- Genre: Rock, pop, indie, heavy metal
- Location: Las Vegas
- Years active: 2015

= Rock in Rio USA =

Music festival in Las Vegas, Nevada

Rock in Rio USA was a music festival held in Las Vegas, Nevada from May 8–9 and 15–16, 2015 at the MGM Resorts Festival Grounds on the Las Vegas Strip in Paradise, Nevada.

The event was conceived as an American version of Rio de Janeiro's Rock in Rio festival, and was a partnership between SFX Entertainment, Eike Batista's IMX, MGM Resorts International, Yucaipa Companies, and Cirque du Soleil Entertainment Group. The event was hosted at a new open-air venue neighboring the then MGM-owned Circus Circus Las Vegas, which was developed by the consortium. It shared a similar format to its Brazilian counterpart, with plans to host at least 120 acts across two weekends oriented towards rock music and pop music respectively.

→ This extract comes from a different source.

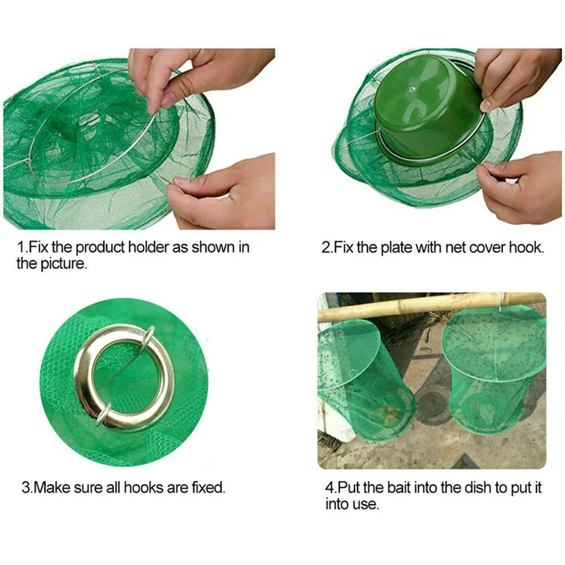 Описание: 1. Это новый тип летающего устройства с высокой эффективностью, экологичностью и безопасностью. 2. Он широко используется в парке, семейных фермах (фермерский рынок), столовых, ресторанах, бойнях, фермах, зеленых поясах, туалетах и других общественных местах. 3. Лучший способ размещения: весенний сезон, висящий на соответствующем солнечном месте, летом вешается в темном месте. 4. Из-за мух, которые любят есть рыбные продукты, рекомендуется выбирать кишки рыбы, гнилые фрукты и другие продукты, висящие на 1 метре от земли. Спецификация: Материал: железная проволока + марлевый элемент + пластик Размер: диаметр 23 см высота ловушки 32 см с приманкой горшки общая высота 40 см Материал раковины приманки: пищевой полипропилен

Rock in Rio USA reached a short-term deal to host the event in Las Vegas biennially from 2015 through at least 2019, and planned to expand to a three-day format in 2017. However, after attendance and revenue from the 2015 edition were below expectations, plans for future editions of the event were quietly shelved.

== Development ==

In November 2013, SFX Entertainment, an electronic dance music events company founded by Robert F.X. Sillerman, reached a deal with Roberto Medina, organizer of the Rock in Rio festival series, to acquire a 50% stake in a new entity that would own the rock music festival alongside Eike Batista's IMX, with SFX replacing IMX as the managing partner of the festival. Sillerman also disclosed that plans were being made to bring the festival to the United States for the first time ever. Medina revealed further information about these plans in an interview with Billboard shortly after the deal was reached. He stated that the inaugural festival was to be held in Las Vegas in May 2015, at a site in proximity to the Las Vegas Strip. Medina touted that in comparison to other, U.S.-based festivals, Rock in Rio USA was going to be "bigger in terms of public, in terms of sponsorship, in terms of social media. Not a little bit bigger, a lot bigger."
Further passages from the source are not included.